[Stored entries]
● ● ● ● ●

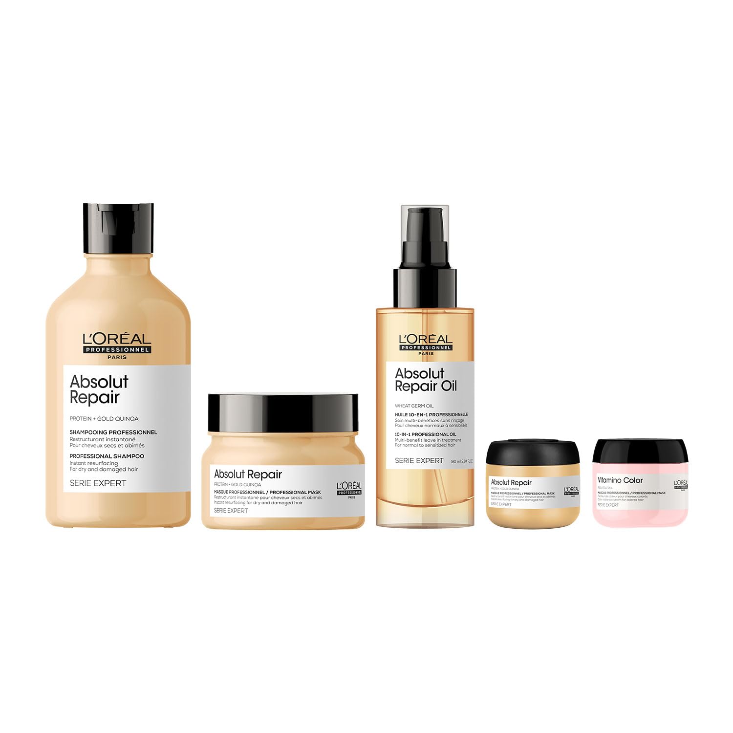 L'Oreal Professionnel Absolut Repair Shampoo Mask & Serum 3-Step Combo for Dry & Damaged Hair (300ml+250gms+125ml) with Absolut Repair & Vitamino Travel-Sizes 75ml
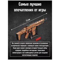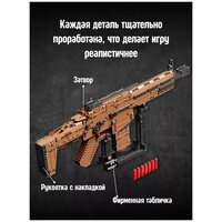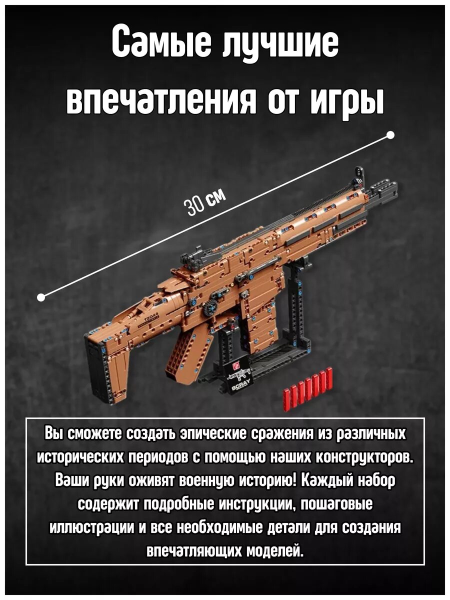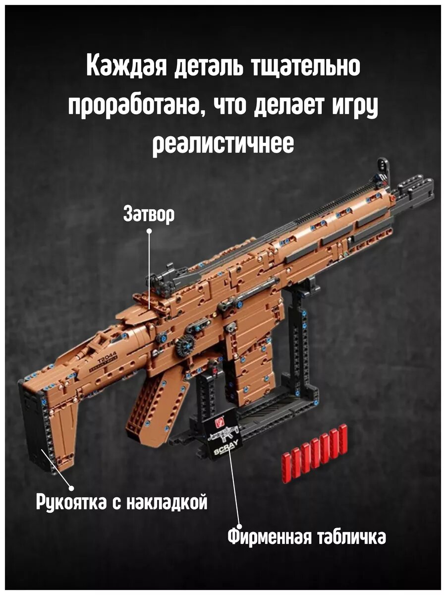 Конструктор Штурмовая винтовка SCAR 1090 деталей. Являются моделями популярных оружий из знаменитых игр, любимых среди детей: CS: GO, Call of Duty, PUBG, Battlefield, standoff, стендофф 2. Вы и ваш ребенок здорово проведете время, собирая этот конструктор. Помимо развлекательной функции он способствует развитию творческого мышления и тренирует мелкую моторику пальцев. Помогает детям осваивать окружающую действительность посредством веселого развлечения. Детские психологи считают, что с помощью такой игрушечки ребенок 7-8-9-10 лет прививает у себя самостоятельность, усидчивость и внимательность. Кроме этого, он учится конструировать и воплощать в жизнь придуманные модели и образы. Серия конструкторов Technical оружие одна из немногих, которая не представлена в оригинале. В линейке можно найти детское оружие с мягкими пульками, конструкторы-автоматы, классические снайперские винтовки с пулями, штурмовые винтовки, пистолеты и много разнообразного игрушечного оружия. Сборка такого конструктора будет крайне увлекательной и необычной, даже для искушенного любителя конструкторов, а понимание механизмов оружия поспособствует развитию важных навыков у ребенка. Стрельба из оружия осуществляется в основном за счет натяжения резинок или пружин. Приобретая конструкторы оружие, не переживайте о безопасности, ведь они обладают недостаточной для нанесения травм дульной энергией, либо стреляют мягкими патронами. Такое занятие позволяет развивать необходимые для каждого навыки. Кроме того, большой конструктор еще и полезная игрушка, потому что требует от малыша внимания, сосредоточенности и аккуратности. Аналоги совсем не отличаются от оригинала датской фирмы. Благодаря понятной инструкции в голове вашего сына будет сформирована картина конечного результата действия. Новинка будет прекрасным подарком для всех возрастов как мальчику-подростку так и девочке как новогодний презент, а также на День Рождения, 8 Марта или просто без повода.
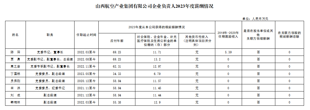 山西航空产业集团有限公司企业负责人2023年度薪酬情况
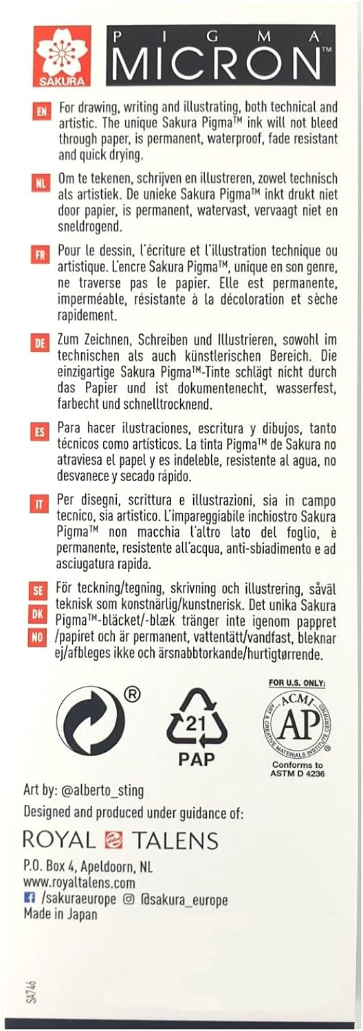 + ESTOMPE et 1 CARTE La punta durevole porous-point offre una linea coerente e una superba colore transferal Sakura Sakura Pigma inchiostro Custodia unica è il primo al mondo a combinare gli inchiostri pigmenti e inchiostro a base d' acqua, per dei colori che non attraversa la carta. L' inchiostro di qualità di archiviazione è anche, alla luce, indelebile e asciutta a un PH neutro. Ogni confezione contiene una piuma di le taglie Made in Japan
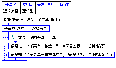 逻辑变量为逻辑型,子菜单.选中 为逻辑型。在此例程中,逻辑变量保存 子菜单.选中 的反值(真的反值为假),然后将逻辑变量保存的真或假,赋值给 子菜单.选中。
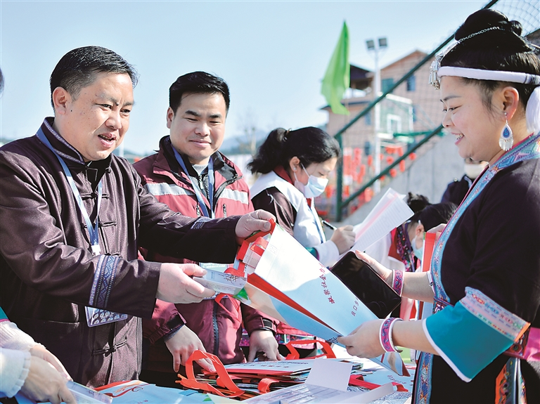 改進(jìn)文風(fēng),要將文件精神轉(zhuǎn)化為群眾看得懂、用得上的“明白紙”,推動政策在基層落地生根。圖為廣西壯族自治區(qū)三江侗族自治縣組織黨員干部到良口鄉(xiāng)良口村開展政策宣傳進(jìn)村寨活動。工作人員以侗語、苗語等多種語言,通俗易懂地為群眾宣講惠農(nóng)惠民政策,提高少數(shù)民族群眾對政策的知曉率。圖片來源:視覺中國
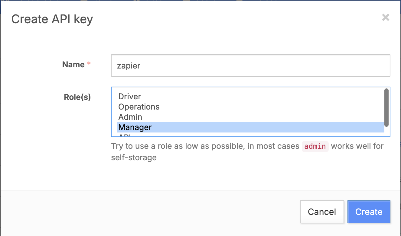 Important: You MUST select the Manager role. Any other role may result in the Zapier connection not working as expected. You can simply put the integration name "zapier", for example.
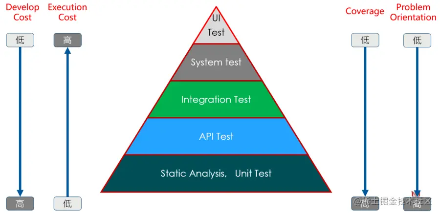 回到测试金字塔,从测试的"开发成本"、“执行成本”、“测试覆盖率”、“问题定位”四个维度来看,基于代码级别的白盒测试是及其重要的。
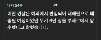 이란 경찰은 6만여정의 총기를 압수했고 모사드네트워크 폭동의 지휘부들을 상당수 체포했다네요.

● ● ● ● ●

ASSIGNMENT |
The entries above need to be repeated in full, word for word. Skip the images.

RESULT OF THIS TASK |
 L'Oreal Professionnel Absolut Repair Shampoo Mask & Serum 3-Step Combo for Dry & Damaged Hair (300ml+250gms+125ml) with Absolut Repair & Vitamino Travel-Sizes 75ml
 Конструктор Штурмовая винтовка SCAR 1090 деталей. Являются моделями популярных оружий из знаменитых игр, любимых среди детей: CS: GO, Call of Duty, PUBG, Battlefield, standoff, стендофф 2. Вы и ваш ребенок здорово проведете время, собирая этот конструктор. Помимо развлекательной функции он способствует развитию творческого мышления и тренирует мелкую моторику пальцев. Помогает детям осваивать окружающую действительность посредством веселого развлечения. Детские психологи считают, что с помощью такой игрушечки ребенок 7-8-9-10 лет прививает у себя самостоятельность, усидчивость и внимательность. Кроме этого, он учится конструировать и воплощать в жизнь придуманные модели и образы. Серия конструкторов Technical оружие одна из немногих, которая не представлена в оригинале. В линейке можно найти детское оружие с мягкими пульками, конструкторы-автоматы, классические снайперские винтовки с пулями, штурмовые винтовки, пистолеты и много разнообразного игрушечного оружия. Сборка такого конструктора будет крайне увлекательной и необычной, даже для искушенного любителя конструкторов, а понимание механизмов оружия поспособствует развитию важных навыков у ребенка. Стрельба из оружия осуществляется в основном за счет натяжения резинок или пружин. Приобретая конструкторы оружие, не переживайте о безопасности, ведь они обладают недостаточной для нанесения травм дульной энергией, либо стреляют мягкими патронами. Такое занятие позволяет развивать необходимые для каждого навыки. Кроме того, большой конструктор еще и полезная игрушка, потому что требует от малыша внимания, сосредоточенности и аккуратности. Аналоги совсем не отличаются от оригинала датской фирмы. Благодаря понятной инструкции в голове вашего сына будет сформирована картина конечного результата действия. Новинка будет прекрасным подарком для всех возрастов как мальчику-подростку так и девочке как новогодний презент, а также на День Рождения, 8 Марта или просто без повода.
 山西航空产业集团有限公司企业负责人2023年度薪酬情况
 + ESTOMPE et 1 CARTE La punta durevole porous-point offre una linea coerente e una superba colore transferal Sakura Sakura Pigma inchiostro Custodia unica è il primo al mondo a combinare gli inchiostri pigmenti e inchiostro a base d' acqua, per dei colori che non attraversa la carta. L' inchiostro di qualità di archiviazione è anche, alla luce, indelebile e asciutta a un PH neutro. Ogni confezione contiene una piuma di le taglie Made in Japan
 逻辑变量为逻辑型,子菜单.选中 为逻辑型。在此例程中,逻辑变量保存 子菜单.选中 的反值(真的反值为假),然后将逻辑变量保存的真或假,赋值给 子菜单.选中。
 改進(jìn)文風(fēng),要將文件精神轉(zhuǎn)化為群眾看得懂、用得上的“明白紙”,推動政策在基層落地生根。圖為廣西壯族自治區(qū)三江侗族自治縣組織黨員干部到良口鄉(xiāng)良口村開展政策宣傳進(jìn)村寨活動。工作人員以侗語、苗語等多種語言,通俗易懂地為群眾宣講惠農(nóng)惠民政策,提高少數(shù)民族群眾對政策的知曉率。圖片來源:視覺中國
 Important: You MUST select the Manager role. Any other role may result in the Zapier connection not working as expected. You can simply put the integration name "zapier", for example.
 回到测试金字塔,从测试的"开发成本"、“执行成本”、“测试覆盖率”、“问题定位”四个维度来看,基于代码级别的白盒测试是及其重要的。
 이란 경찰은 6만여정의 총기를 압수했고 모사드네트워크 폭동의 지휘부들을 상당수 체포했다네요.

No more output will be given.